Maria Sergeyevna Skorsiuk (Мария Сергеевна Скорсюк; 1872 – 15 January 1901) was a Russian ballet dancer who performed with the Imperial Russian Ballet (now the Mariinsky Ballet) from 1890 to 1900. She held the rank of coryphée and specialized in character roles. Skorsiuk is believed to be the first dancer of African heritage to be part of the Imperial Ballet.

==Early life==
Skorsiuk was born in 1872 in Saint Petersburg. Her father came from Luga and belonged to the lower urban class. According to ballet historian Peter Koppers, she may have descended from African court servants who served in the Russian court from the 17th century.

==Training==
Skorsiuk joined the Imperial Theatre School as a state scholar. Her teacher Ekaterina Vazem described her physical appearance in her memoirs as having "distinctive features of a purely African type". After the Spring examinations held in 1888, theatre officials attempted to expel Skorsiuk on the grounds of lack of progress or ability. Vazem felt this position to be spurious, strongly opposed the decision and secured a second examination for her student. Skorsiuk passed this examination with flying colours according to Vazem, and continued her studies.

==Career==
===Early performances (1890–1895)===
Skorsiuk graduated in 1890 and joined the Imperial Ballet. She appeared as one of the Four Young Maidens in the world premiere of Marius Petipa's The Sleeping Beauty (1890). In her first season, she performed in 40 ballet performances and 18 opera performances. Critic Alexander Plescheyev reviewed her graduation performance, writing that she "danced with fire, vivacity and energy."

She performed the Spanish Dance in the 1895 revival of Swan Lake choreographed by Petipa and Lev Ivanov.

===Later roles (1896–1899)===
In 1896, Skorsiuk performed the role of Morena in Petipa's revival of Mlada. Plescheyev noted her "expressive face and passionate interpretation" in this role. In 1897, she danced O-Gen-Mi in Ivanov's The Mikado's Daughter, performing with Enrico Cecchetti.

For the 1898 premiere of Raymonda, Petipa created the Saracen Dance for Skorsiuk and Alexander Gorsky. The duet ended with the female dancer leaning back in what was described as a "whipcrack position".

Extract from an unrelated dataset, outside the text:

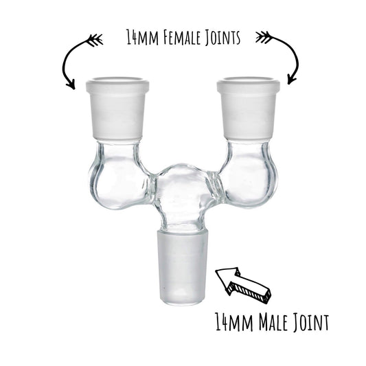 Double Bowl Joint Adapter - 14mm Male to Dual 14mm Female

Her last recorded new role was in the Forban Dance in Le Corsaire (1899).

==Performances==
Skorsiuk's documented performances include:

The Sleeping Beauty (1890) – Young Maiden

Nenuphar (1890) – Heinrich

The Vestal (1890) – Jalousie

Kalkabrino (1891) – Member of smuggler's band

Le Roi Candaule (1891) – Peltata and Bacchante

Mlada (opera version, 1892) – Indian Gypsy, Cleopatra

Cinderella (1893) – Fire

Coppélia (1893) – War and Discord

Swan Lake (1895) – Spanish Dance

The Little Humpbacked Horse (1895) – First Wife of the Khan

Mlada (ballet version, 1896) – Morena

The Mikado's Daughter (1897) – O-Gen-Mi, Javanese Dance, Winter

Raymonda (1898) – Saracen Dance, Palotas

Le Corsaire (1899) – Forban Dance

==Assessments by contemporaries==
Alexander Shiryaev, who partnered with Skorsiuk, wrote in his memoirs: "Maria Skorsiuk possessed a weak dance technique, but her mulatto-like appearance made her irreplaceable in various exotic dances, to which she brought a genuine temperament."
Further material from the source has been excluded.